However, in the last month the issue seems to have become more common, with the occasional person reporting it in my software uninstall surveys, and long term users reporting the sudden failure of the software on their computers. Of course, if it was failing for trial users it was costing me money, but I couldn’t measure the loss so I ignored it. That changed in the last month when I had to give a number of refunds to users who bought software that suddenly stopped working. Ouch. So the bug was really starting to concern me and to be honest, I’d started losing sleep over it because I just couldn’t work out what was going on. I was even considering re-coding the entire product in C#, not a small task with 75,000+ LOC in the Visual Basic code. I’d be looking at 6 to 12 months to completion and then at least 6 months of quick release cycles to get the bugs ironed out. Not an exciting prospect and I’d still have the bug gnawing away at my sales while I was beavering away on the re-write. And I’ll be honest I didn’t want to move the application to .NET. I’ve ported a VB6 application to C# before, and while the coding structure was much nicer, the actual speed of the application was FAR worse than the VB6 app and I’ve had to resort to all sorts of caching chicanery to get the performance to what is a barely acceptable level.
Matters Come to a Head
Things came to a head yesterday, with two new people informing me of the error and it was looking like I’d have to refund both of them for purchases made in the last few months. I spent some time poking around on Google again yesterday and finally hit on something useful, how to create application crash logs.
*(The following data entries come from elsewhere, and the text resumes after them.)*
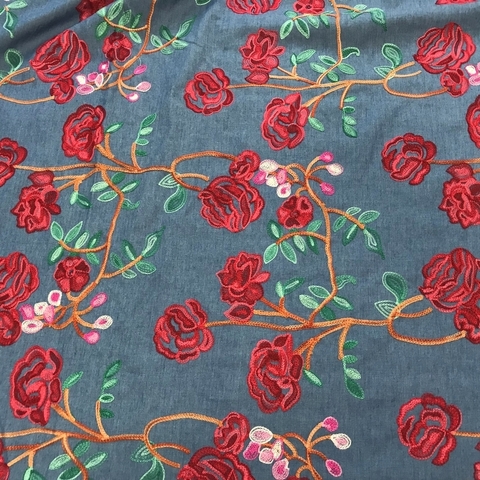 Ткань джинсовая голубая с вышивкой цветы по всему полотну. Подходит для пошива платьев, сарафанов, юбок, шорт, туник, топов, брюк, костюмов. Италия. Состав 100% хлопок Ширина 140 см. Допускается небольшое отклонение цветопередачи. Дополнительные фото и видео по запросу.
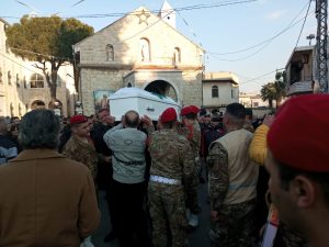 وبعد القداس الالهي لراحة نفس الشهيد حمل النعش الذي لف بالعلم اللبناني رفاق السلاح، فيما قدمت ثلة من الجيش التحية العسكرية للشهيد على لحن نشيد الموت.
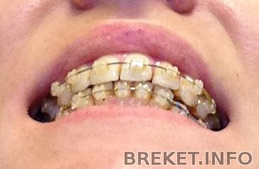 Иногда, к сожалению, фото не сделала, лигатуры одевали не резиновые, а из закрученной проволоки. Это тоже весьма портило общий вид брекетов.
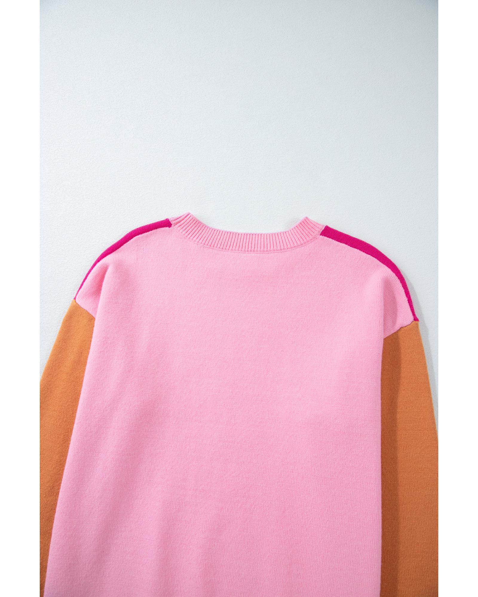 Bonbon Three Tone Contrast Round Neck Loose Sweater – S

It turns out getting an application to create a crash dump is as simple as adding one new Windows registry key:
HKEY_LOCAL_MACHINESOFTWAREMicrosoftWindowsWindows Error ReportingLocalDumps
When the application fails it creates a dump file here:
%LOCALAPPDATA%CrashDumps
I tested this on my local dev machine by triggering an application failure and creating a dump file, which I then could open in VS 2010. I couldn’t make much sense of it though. All I needed now was a machine that was experiencing the crash to create a dump file for me and perhaps I could get to the bottom of things.
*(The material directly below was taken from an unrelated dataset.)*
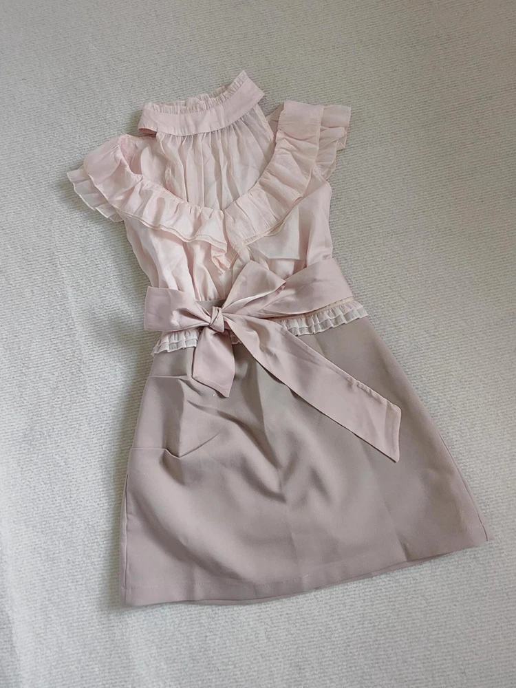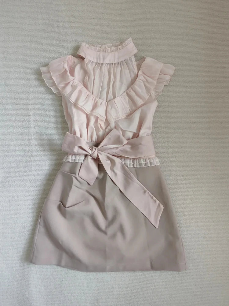 Purpdrank French Sweet Elegant Women 2 Piece Set Ruffled Neck Y2k Top + High Waist A-line Skirt Fashion Female Chic Korean Popular Clothes
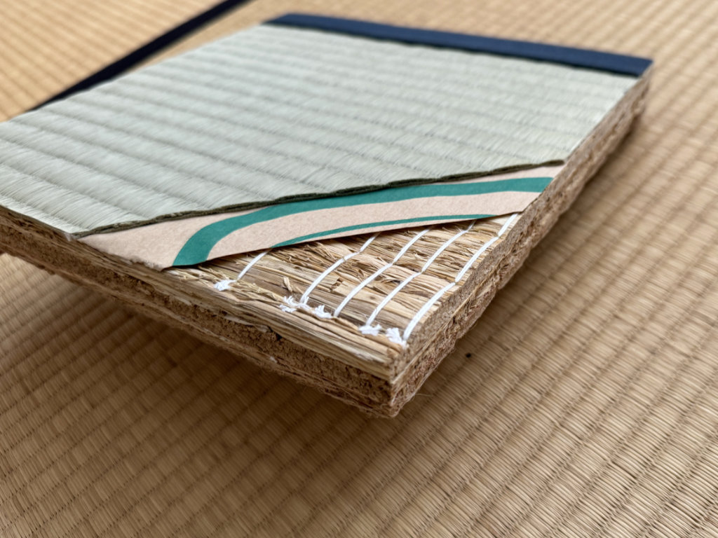 Les bords du tatami sont ensuite recouverts d’un ourlet en tissu, le « tatami-heri », souvent en lin ou coton, parfois orné de motifs décoratifs. Chaque étape, du tressage à la couture, requiert une attention méticuleuse pour garantir la solidité et la longévité du produit fini. Il faut environ 5 à 6 semaines pour réaliser un tatami traditionnel depuis la récolte de la paille de riz jusqu’au produit fini, dont la majeure partie est consacrée au séchage naturel de la paille. Aujourd’hui, bien que la fabrication se soit partiellement mécanisée, des artisans comme TAKAYAMA Isao perpétuent ces techniques traditionnelles assurant au tatami son authenticité et sa qualité unique.

Along Comes a White Knight
I had the first glimmers of the possibility of getting to the bottom of this vexing issue last night, when a long time user of my product reported that he was experiencing the issue. Recently my usual approach has been to ask if I can get a short time to access the problem computer remotely using my remote access tool of choice, Teamviewer. Sometimes people say yes, sometimes they so no. In the case of this particular customer, he said sure you can have access, and I’ll leave it on ALL NIGHT for you so you can take as long as you like. HUZZAH!
Grabbing the Crash Dump
I logged into the customer’s PC remotely and ran my software. Sure enough, it crashed on startup. Interestingly when it crashed I saw a flash of the main application window before the troublesome error box appeared. I then tried starting up the software with the application window minimized, and hey presto it ran. But as soon as I activated the window the software crashed again. This confirmed what I’d already suspected, that the crash had something to do with the first redraw/paint of the application window. Examining the log files my software creates showed what it usually did, the software crashes somewhere AFTER the first form resize event. Anyway, I’d confirmed that the crash I was seeing was the same one other people had seen. Time to create the Windows Registry key I mentioned earlier to have the software create a crash dump. I did that, ran the software to crash, and looked in the %LOCALAPPDATA%CrashDumps folder and there was my crash dump. Transferring the file to my own computer I wondered what to do next.
WinDBG is King
I’d already opened up a crash log in VS2010 and to be honest it meant nothing to me. So I tooled about for a bit on Google and it appeared that the tool of choice was “WinDBG”. I found an installer for it on windbg.org. Once installed it fired up and I loaded up my crash log and was shown this:
Crash Dump in WinDBG
All very interesting but it doesn’t tell me much and the reason is on the 5th line of text “Symbol search path: *** Invalid ***”. Now, time for full disclosure, I am no computer scientist and my programming coursework was confined to PASCAL and I have little idea of computer architecture and a computer stack to me, is just a pile of computers. So, when I saw this message I had no idea what a “Symbol” was and had even less idea how WinDBG was going to help me. 10 minutes of research later I’d worked out that Symbols are used to decode the crash dump (which is essentially a memory dump) and allow WinDBG to display various function calls and function sources associated with the dump. Giving the debugger a symbol path is simple, just run the following command in WinDBG:
.sympath SRV*f:localsymbols*http://msdl.microsoft.com/download/symbols
Once that was done I could analyze the dump file again with:
!analyze -v
The analysis took a minute or so and the first thing of interest that popped up was:
*** ERROR: Symbol file could not be found. Defaulted to export symbols for ciaXPLabel30.ocx -
***** OS symbols are WRONG. Please fix symbols to do analysis.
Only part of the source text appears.